Phoenix Mars Lander
Mars Scout Program - Searching for Signs of Life

After a journey of 423 million miles across the void of interplanetary space, the Phoenix Mars Lander touched down on the surface of the red planet. Its mission: to search for signs of life - past or present.

Phoenix was a robotic spacecraft on a space exploration mission on Mars under the Mars Scout Program. The Phoenix lander descended on Mars on May 25th, 2008.

Mission scientists used instruments aboard the lander to search for environments suitable for microbial life on Mars, and to research the history of water there.

The multi-agency program was headed by the Lunar and Planetary Laboratory at the University of Arizona, under the direction of NASA's Jet Propulsion Laboratory.

The program was a partnership of universities in the United States, Canada, Switzerland, Denmark, Germany, the United Kingdom, NASA, the Canadian Space Agency, the Finnish Meteorological Institute, Lockheed Martin Space Systems, MacDonald Dettwiler & Associates (MDA) and other aerospace companies.
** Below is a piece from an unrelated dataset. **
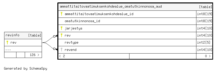 | ammattitaitovaatimuksenkohdealue_omatutkinnonosa_aud_pkey | Primary key | Asc/Asc/Asc | ammattitaitovaatimuksenkohdealue_id + jarjestys + rev |

It was the first mission to Mars led by a public university in NASA history.[2] The mission underscored the value of university-led management. It was led directly from the University of Arizona's campus in Tucson, with project management at the Jet Propulsion Laboratory in Pasadena, Calif., and project development at Lockheed Martin in Denver, Colorado.

The Phoenix Mars Lander surpassed its original three-month mission,
lasting five months in the Martian northern plains, digging up scientific
'firsts' along the way.

The operational funding for the mission extended through November 10th, 2008. Phoenix is NASA's sixth successful landing out of seven attempts and is the most recent spacecraft to land successfully on Mars (as of December 2009) as well as the first successful landing in a Martian polar region.

The lander completed its mission in August 2008, and made a last brief communication with Earth on November 2nd as available solar power dropped with the Martian winter. The mission was declared concluded on November 10th, 2008, after engineers were unable to re-contact the craft.

After unsuccessful attempts to contact the lander by the Mars Odyssey orbiter up to and past the Martian summer solstice on May 12th, 2010, JPL declared the lander to be dead. Like the two Mars Exploration Rovers, the program was considered a success because it exceeded its planned mission length by several months.

Phoenix Blasting Off to Mars
Phoenix departing planet Earth on the way to Mars
While the proposal for Phoenix was being written, the Mars Odyssey Orbiter used its gamma ray spectrometer and found the distinctive signature of hydrogen on some areas of the Martian surface, and the only plausible source of hydrogen on Mars would be water in the form of ice, frozen below the surface.

The mission was therefore funded on the expectation that Phoenix would find water ice on the arctic plains of Mars. In August 2003 NASA selected the University of Arizona "Phoenix" mission for launch in 2007.

It was hoped this would be the first in a new line of smaller, low-cost, Scout missions in the agency's exploration of Mars program.

The selection was the result of an intense two-year competition with proposals from other institutions. The $325 million NASA award is more than six times larger than any other single research grant in University of Arizona history.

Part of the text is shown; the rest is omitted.